Abstract

Flat-topped platform mounds of earth, shell, or both, were constructed for millennia in the American Southeast and became pervasive during the Mississippi period (ca. 1000 CE to 1500) as elevated surfaces for buildings that served as temples, council houses, and residences of the elite. The sub-structural functions of Mississippian platform mounds departed significantly from those of most platforms that preceded them, which lacked buildings or enclosures on summits and served primarily as stages for communal feasts and other ceremonial events. The transition between these alternative functions of platform mounds is critical to understanding the emergence of social differentiation and hierarchical power in the region. Here we look to the last centuries of the Middle Woodland period (ca. 200 BCE to 600 CE) as a key moment of change in Florida and the American Southeast, and present results of investigations of the platform mound at Garden Patch, a civic-ceremonial center on the northern Florida Gulf coast, as a prominent example.

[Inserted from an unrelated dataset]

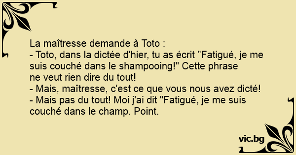 - Toto, dans la dictée d'hier, tu as écrit "Fatigué, je me suis couché dans le shampooing!" Cette phrase ne veut rien dire du tout!

Ground-penetrating radar, magnetometry, resistivity, and limited test excavation indicate a series of construction stages reflecting communal feasting and ceremony as well as a summit structure that belies collective control. We argue that these features denote social tensions between communal and exclusive functions and rights of access to the platform mound and corresponding social, political, and spiritual powers in the context of the earliest aggregated villages of the region.